# EXERCISE DATA
>>>>
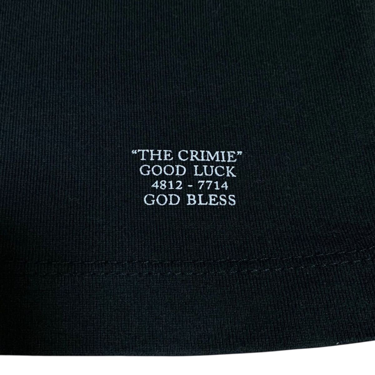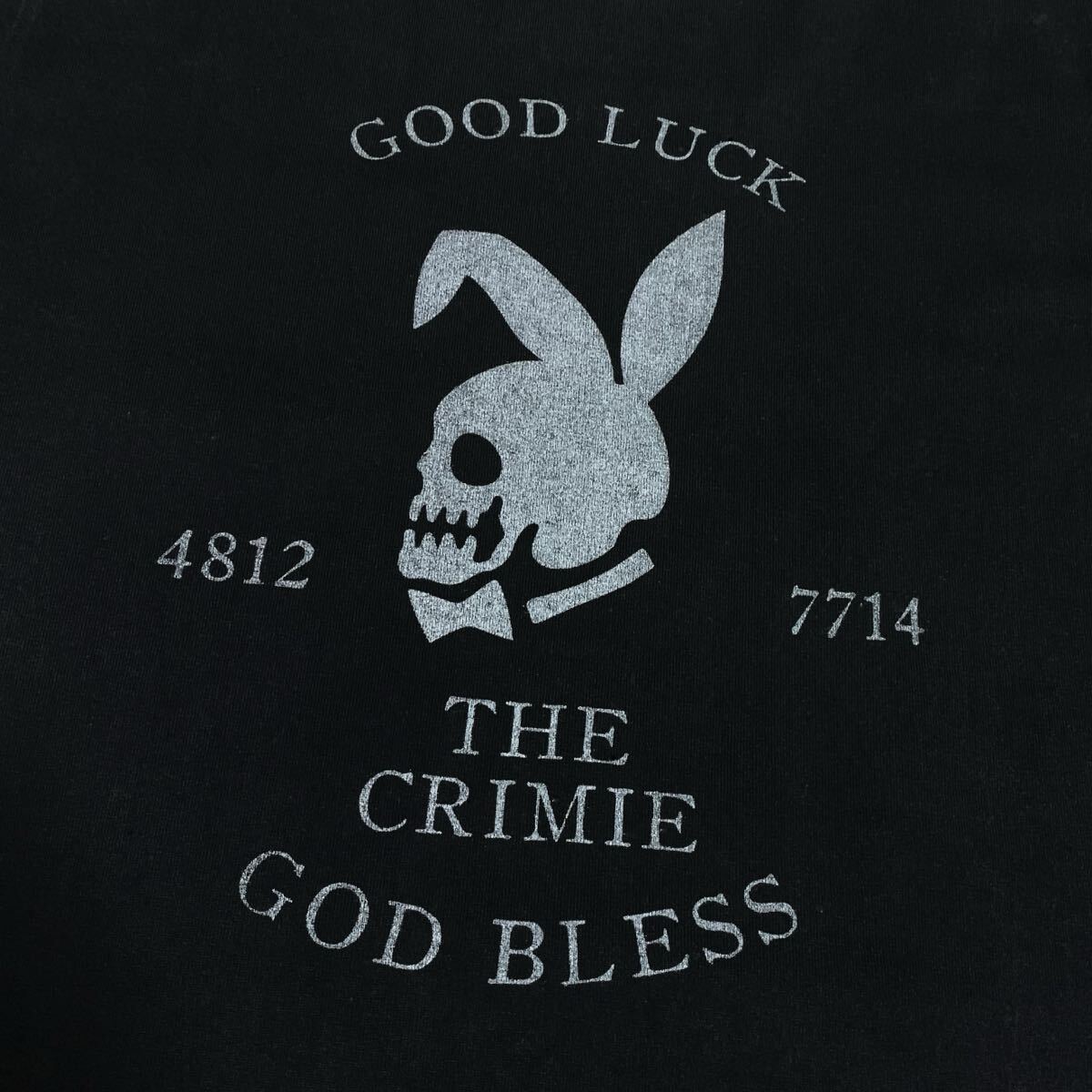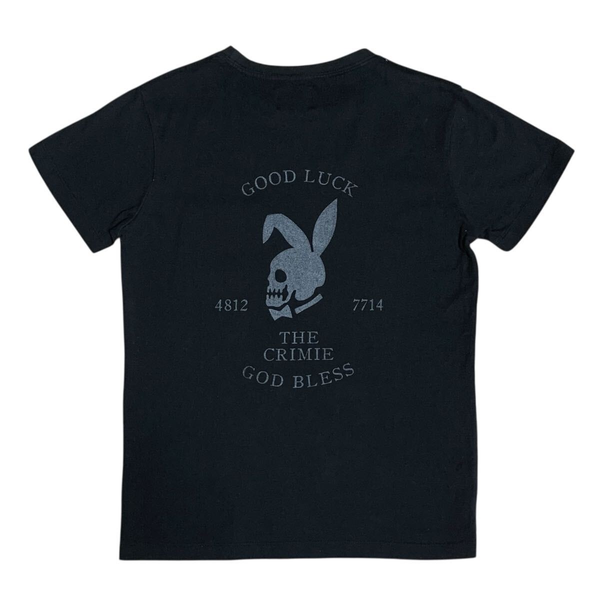 フロントは裾にワンポイント、背中にはプレイボーイ風のスカルが描かれたプリントがCRIMIEらしい無骨な雰囲気が魅力です。
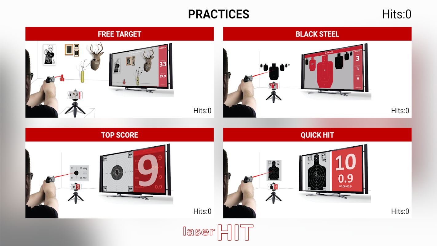 - LaserHIT एप्लिकेशन वास्तविक समय में पेपर लक्ष्य पर हिट दर्ज करेगा और अपने स्मार्टफोन स्क्रीन पर शॉट परिणाम प्रदर्शित करेगा।
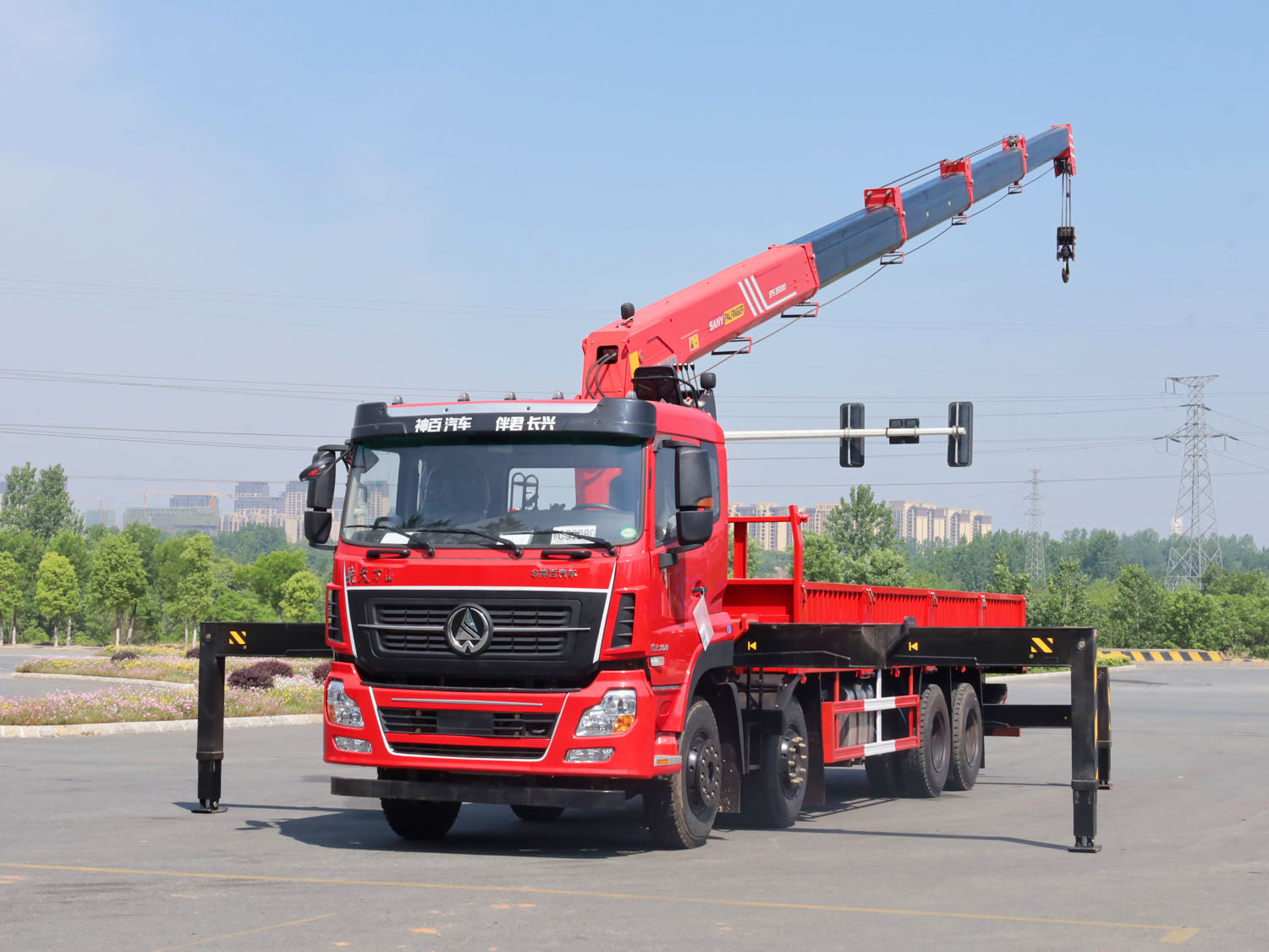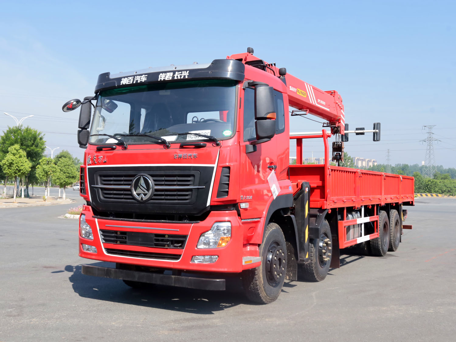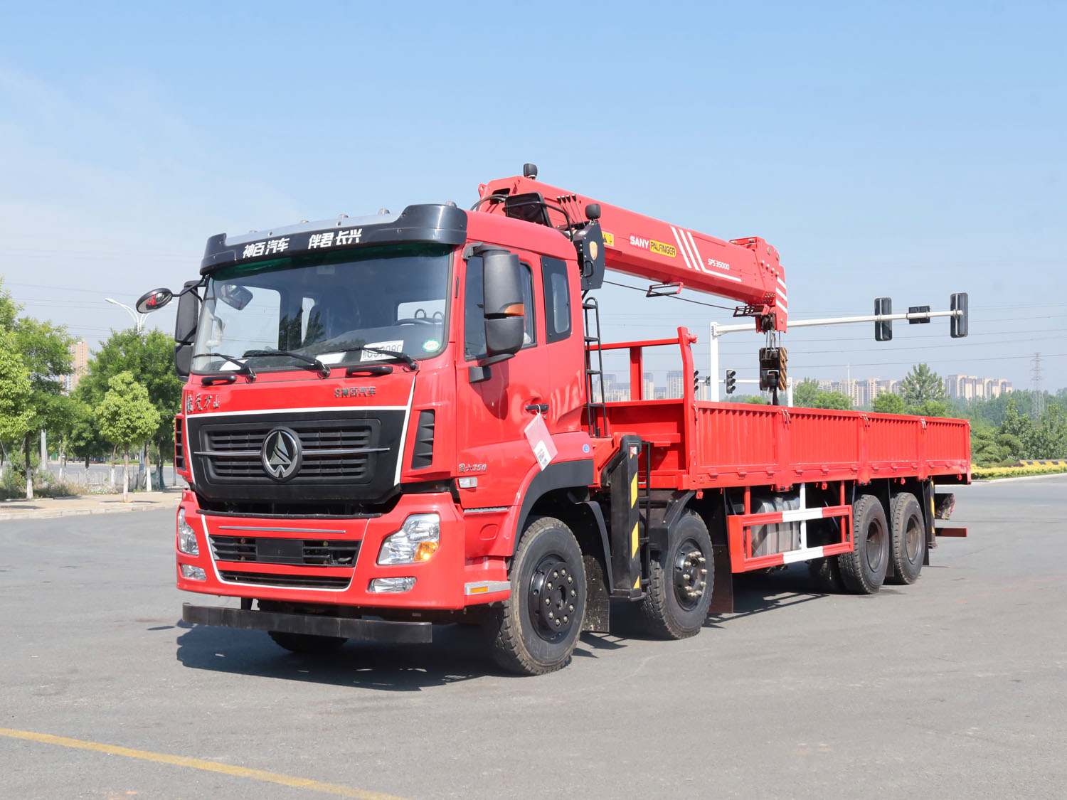 陜汽德龍新M3000駕駛室前四后八上裝三一14噸直臂式吊機
<<<<
# WHAT YOU WILL DO
Word for word, copy every line of the data, excluding any pictures.

# TASK OUTPUT
 フロントは裾にワンポイント、背中にはプレイボーイ風のスカルが描かれたプリントがCRIMIEらしい無骨な雰囲気が魅力です。
 - LaserHIT एप्लिकेशन वास्तविक समय में पेपर लक्ष्य पर हिट दर्ज करेगा और अपने स्मार्टफोन स्क्रीन पर शॉट परिणाम प्रदर्शित करेगा।
 陜汽德龍新M3000駕駛室前四后八上裝三一14噸直臂式吊機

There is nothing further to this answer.